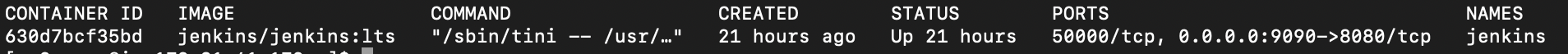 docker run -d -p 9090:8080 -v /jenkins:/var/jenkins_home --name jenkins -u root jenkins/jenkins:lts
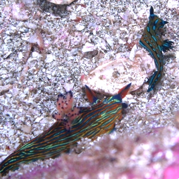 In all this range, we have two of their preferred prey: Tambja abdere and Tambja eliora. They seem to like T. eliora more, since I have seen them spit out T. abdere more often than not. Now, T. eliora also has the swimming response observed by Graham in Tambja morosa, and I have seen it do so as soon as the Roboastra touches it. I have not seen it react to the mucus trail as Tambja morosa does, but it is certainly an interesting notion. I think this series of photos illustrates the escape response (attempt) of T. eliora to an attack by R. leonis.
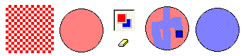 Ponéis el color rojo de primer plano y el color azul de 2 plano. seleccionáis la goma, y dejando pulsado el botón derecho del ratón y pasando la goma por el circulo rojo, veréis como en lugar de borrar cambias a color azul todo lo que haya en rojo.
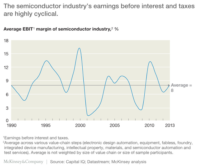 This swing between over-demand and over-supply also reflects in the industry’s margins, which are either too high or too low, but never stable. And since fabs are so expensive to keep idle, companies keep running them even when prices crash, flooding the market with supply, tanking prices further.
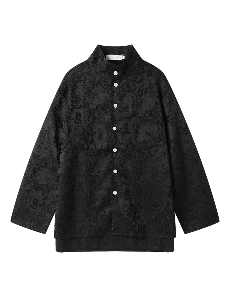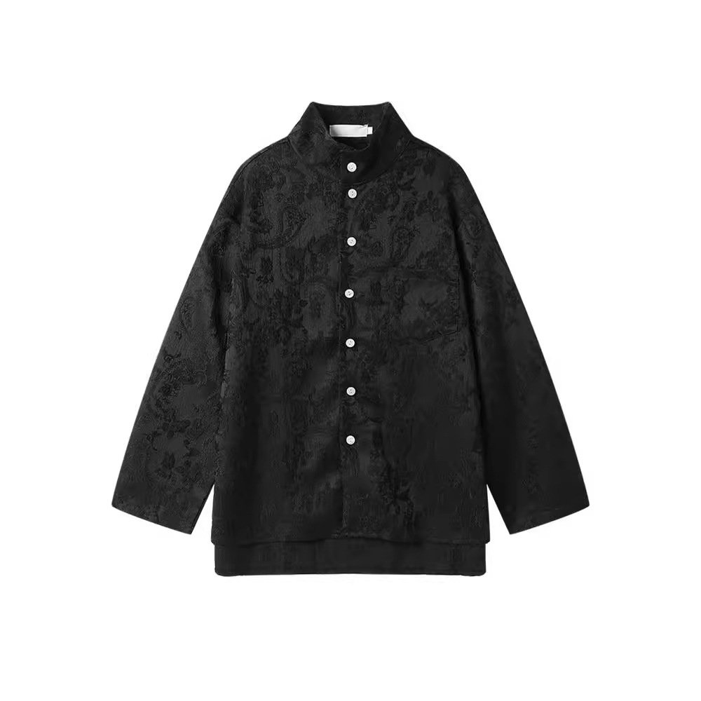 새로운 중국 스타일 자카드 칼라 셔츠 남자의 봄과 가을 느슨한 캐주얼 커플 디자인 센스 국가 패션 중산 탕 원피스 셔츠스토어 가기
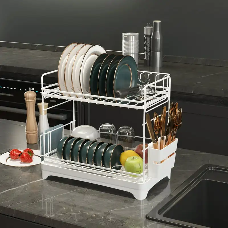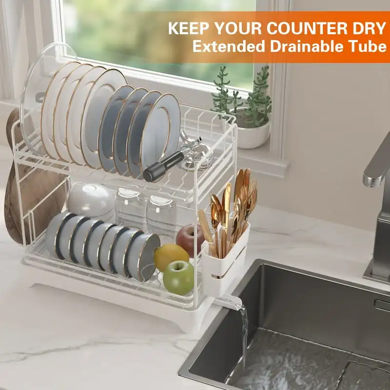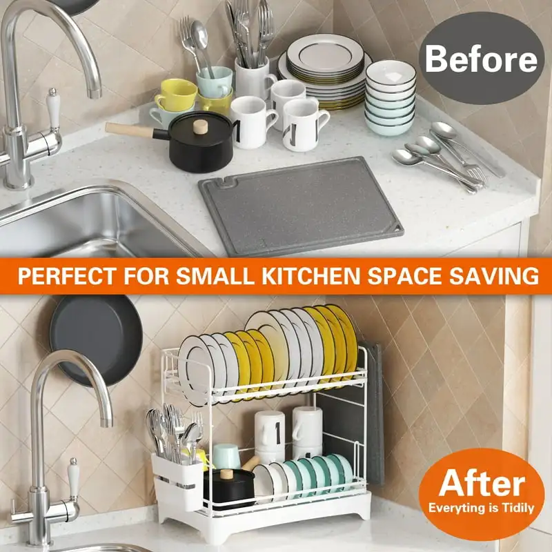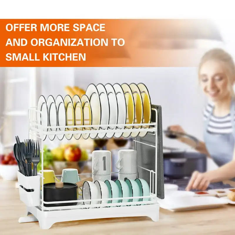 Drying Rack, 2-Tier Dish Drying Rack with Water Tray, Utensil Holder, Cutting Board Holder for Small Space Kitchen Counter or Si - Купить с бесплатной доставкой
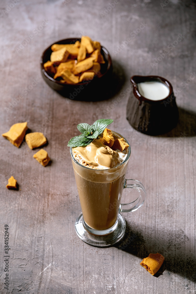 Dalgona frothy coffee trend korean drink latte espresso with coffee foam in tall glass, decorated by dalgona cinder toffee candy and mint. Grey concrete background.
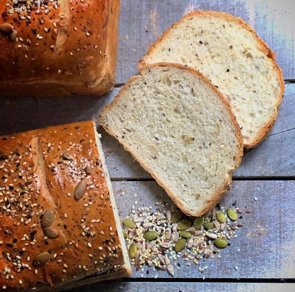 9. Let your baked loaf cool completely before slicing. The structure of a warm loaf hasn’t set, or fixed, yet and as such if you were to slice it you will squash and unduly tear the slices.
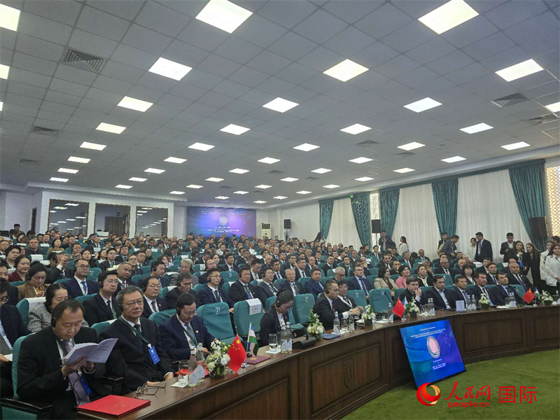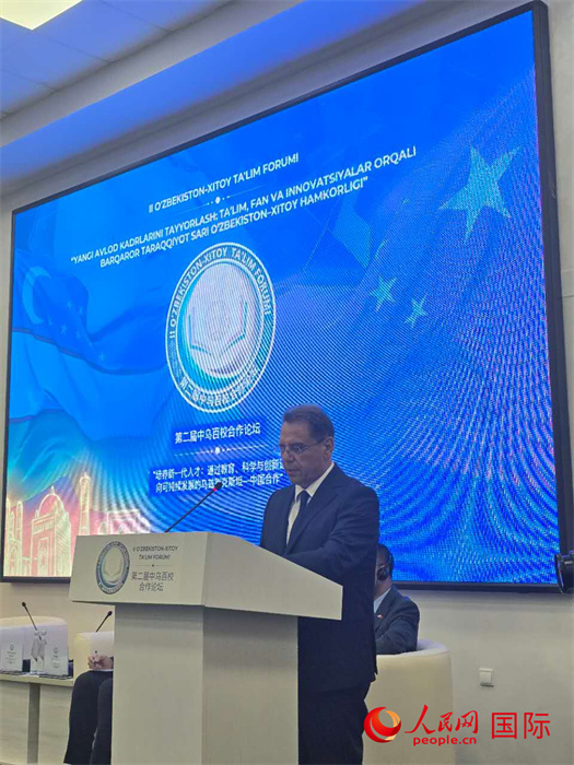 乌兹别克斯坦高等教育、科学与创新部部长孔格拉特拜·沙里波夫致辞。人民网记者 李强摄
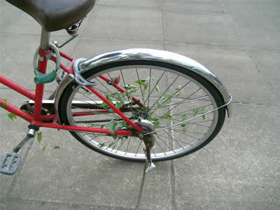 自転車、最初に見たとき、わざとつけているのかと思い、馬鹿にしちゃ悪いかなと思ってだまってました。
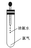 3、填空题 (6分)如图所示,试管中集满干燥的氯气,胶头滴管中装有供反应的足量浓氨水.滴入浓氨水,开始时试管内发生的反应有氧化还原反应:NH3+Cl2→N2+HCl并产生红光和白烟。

What you are asked to do: Would you reproduce the lines above, from the very first through the line containing "Ponéis el color", exactly and without the pictures?

Answer to the exercise:
 docker run -d -p 9090:8080 -v /jenkins:/var/jenkins_home --name jenkins -u root jenkins/jenkins:lts
 In all this range, we have two of their preferred prey: Tambja abdere and Tambja eliora. They seem to like T. eliora more, since I have seen them spit out T. abdere more often than not. Now, T. eliora also has the swimming response observed by Graham in Tambja morosa, and I have seen it do so as soon as the Roboastra touches it. I have not seen it react to the mucus trail as Tambja morosa does, but it is certainly an interesting notion. I think this series of photos illustrates the escape response (attempt) of T. eliora to an attack by R. leonis.
 Ponéis el color rojo de primer plano y el color azul de 2 plano. seleccionáis la goma, y dejando pulsado el botón derecho del ratón y pasando la goma por el circulo rojo, veréis como en lugar de borrar cambias a color azul todo lo que haya en rojo.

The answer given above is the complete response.